Task instructions:
Set down, please, exactly the lines below that run from the line with "Figure 4 : Vue" to the line with "récentes et aux", both lines included.

[[ Information given open ]]

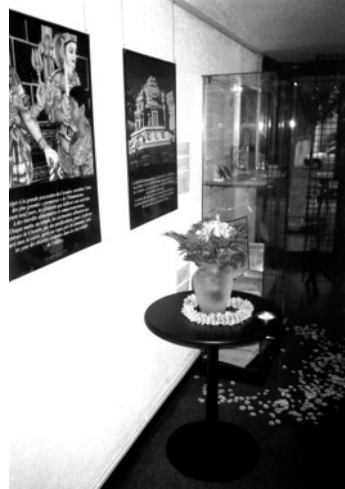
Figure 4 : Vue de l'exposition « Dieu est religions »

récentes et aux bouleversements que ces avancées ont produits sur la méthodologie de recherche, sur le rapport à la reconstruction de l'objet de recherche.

[[ Information given closed ]]
[[ Information given open ]]

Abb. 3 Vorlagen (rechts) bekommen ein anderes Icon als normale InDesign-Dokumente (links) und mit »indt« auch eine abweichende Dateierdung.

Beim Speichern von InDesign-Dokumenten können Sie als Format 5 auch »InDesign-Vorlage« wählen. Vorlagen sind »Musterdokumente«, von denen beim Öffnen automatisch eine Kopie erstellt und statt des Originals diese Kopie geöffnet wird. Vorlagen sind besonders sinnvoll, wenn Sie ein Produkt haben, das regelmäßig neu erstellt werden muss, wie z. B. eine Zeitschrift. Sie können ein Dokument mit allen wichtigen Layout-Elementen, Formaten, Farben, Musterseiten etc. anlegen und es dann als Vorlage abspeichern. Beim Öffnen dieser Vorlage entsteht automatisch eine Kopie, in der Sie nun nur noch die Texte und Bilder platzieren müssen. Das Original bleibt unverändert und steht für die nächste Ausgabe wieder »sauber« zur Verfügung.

[[ Information given closed ]]
[[ Information given open ]]

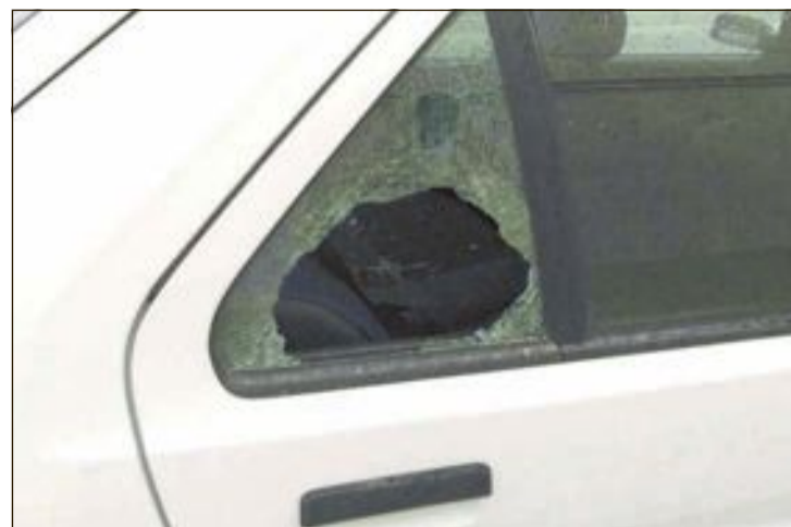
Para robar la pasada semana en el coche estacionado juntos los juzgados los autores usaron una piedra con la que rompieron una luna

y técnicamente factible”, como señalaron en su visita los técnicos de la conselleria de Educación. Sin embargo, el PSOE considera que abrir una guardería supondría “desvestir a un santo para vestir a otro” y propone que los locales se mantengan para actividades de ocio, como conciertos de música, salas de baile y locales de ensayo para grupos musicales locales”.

[[ Information given closed ]]

Task answer:
Figure 4 : Vue de l'exposition « Dieu est religions »

récentes et aux bouleversements que ces avancées ont produits sur la méthodologie de recherche, sur le rapport à la reconstruction de l'objet de recherche.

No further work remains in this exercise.